[THE PROBLEM]: Reproduce only this stretch of the listing below: from the line with "はい、可能です。勤務後の完了" through the line with "赛事现场,暖心的故事也在悄然", exactly as written, with pictures excluded.

[DATA PROVIDED]:
◆ ◆ ◆ ◆
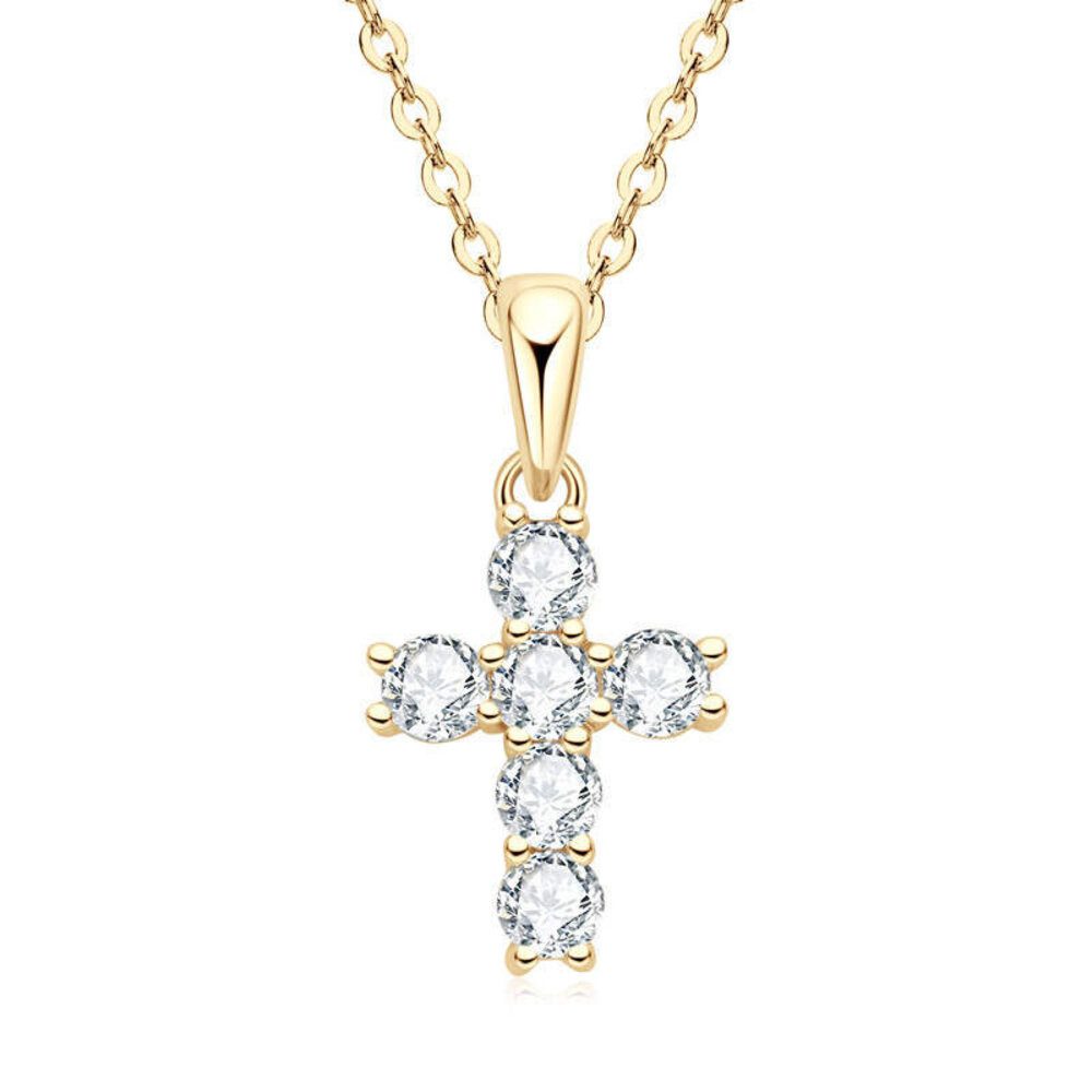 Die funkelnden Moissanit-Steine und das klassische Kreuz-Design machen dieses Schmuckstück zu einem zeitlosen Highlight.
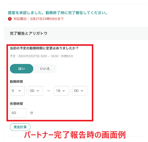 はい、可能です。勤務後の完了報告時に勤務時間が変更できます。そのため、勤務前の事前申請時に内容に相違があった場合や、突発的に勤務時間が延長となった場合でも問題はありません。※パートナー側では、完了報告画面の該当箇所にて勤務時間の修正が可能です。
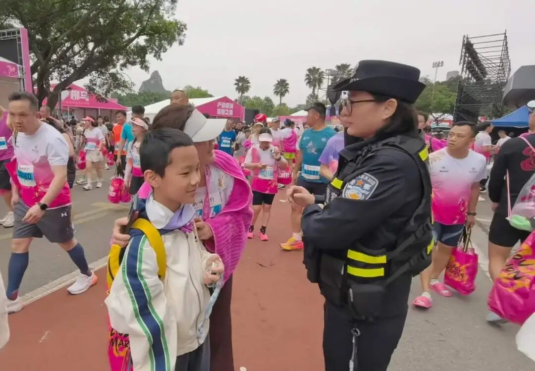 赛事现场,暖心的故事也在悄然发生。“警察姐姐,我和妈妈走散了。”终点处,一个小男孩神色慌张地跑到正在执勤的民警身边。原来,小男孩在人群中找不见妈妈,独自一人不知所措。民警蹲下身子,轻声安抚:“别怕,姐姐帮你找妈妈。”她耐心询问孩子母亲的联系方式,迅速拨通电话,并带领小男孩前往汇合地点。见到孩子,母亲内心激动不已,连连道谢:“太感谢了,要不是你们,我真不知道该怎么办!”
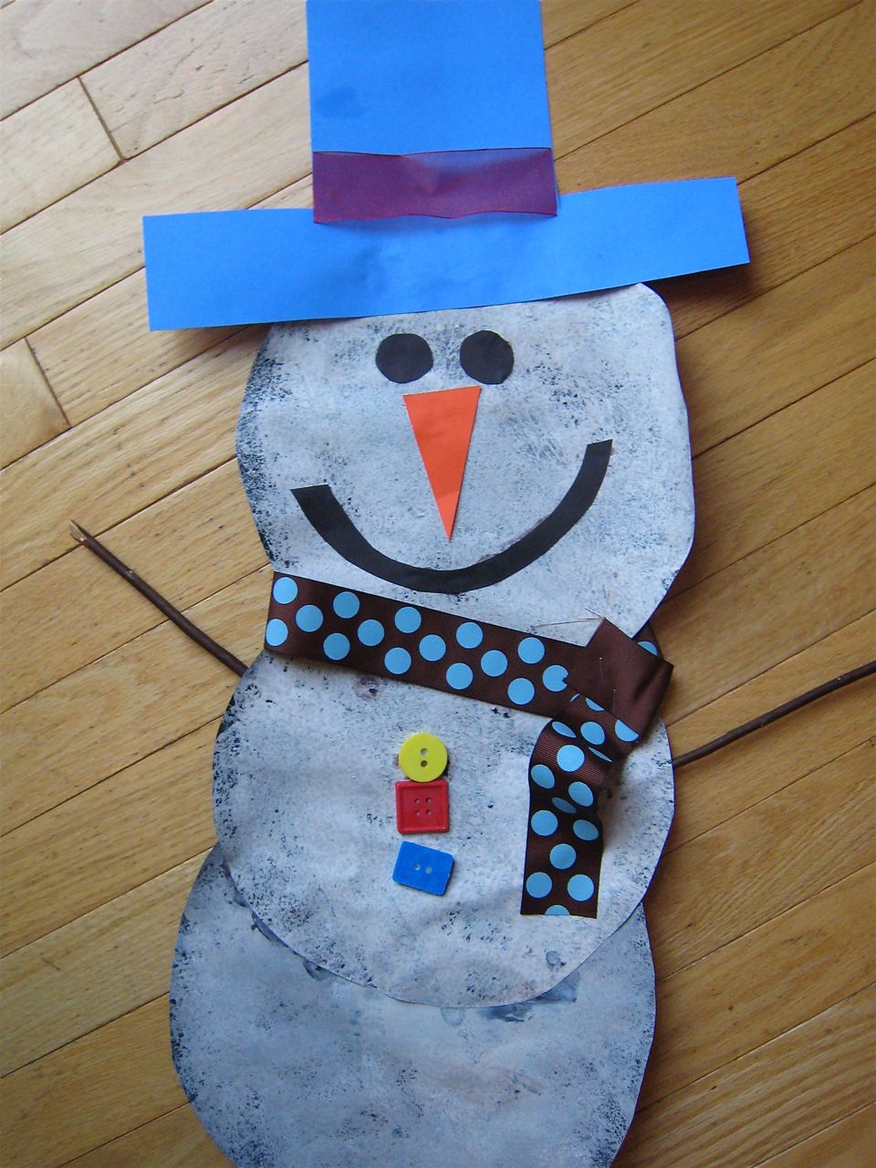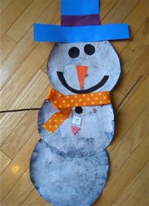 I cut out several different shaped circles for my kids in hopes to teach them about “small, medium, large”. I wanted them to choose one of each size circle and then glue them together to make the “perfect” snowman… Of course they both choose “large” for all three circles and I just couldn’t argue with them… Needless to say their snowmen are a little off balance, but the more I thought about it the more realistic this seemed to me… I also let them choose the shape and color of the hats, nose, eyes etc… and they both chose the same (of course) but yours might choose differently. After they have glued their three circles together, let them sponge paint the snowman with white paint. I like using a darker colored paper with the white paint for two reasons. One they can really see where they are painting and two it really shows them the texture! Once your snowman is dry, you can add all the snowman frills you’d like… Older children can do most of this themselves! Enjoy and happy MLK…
◆ ◆ ◆ ◆
[RESPONSE]:
 はい、可能です。勤務後の完了報告時に勤務時間が変更できます。そのため、勤務前の事前申請時に内容に相違があった場合や、突発的に勤務時間が延長となった場合でも問題はありません。※パートナー側では、完了報告画面の該当箇所にて勤務時間の修正が可能です。
 赛事现场,暖心的故事也在悄然发生。“警察姐姐,我和妈妈走散了。”终点处,一个小男孩神色慌张地跑到正在执勤的民警身边。原来,小男孩在人群中找不见妈妈,独自一人不知所措。民警蹲下身子,轻声安抚:“别怕,姐姐帮你找妈妈。”她耐心询问孩子母亲的联系方式,迅速拨通电话,并带领小男孩前往汇合地点。见到孩子,母亲内心激动不已,连连道谢:“太感谢了,要不是你们,我真不知道该怎么办!”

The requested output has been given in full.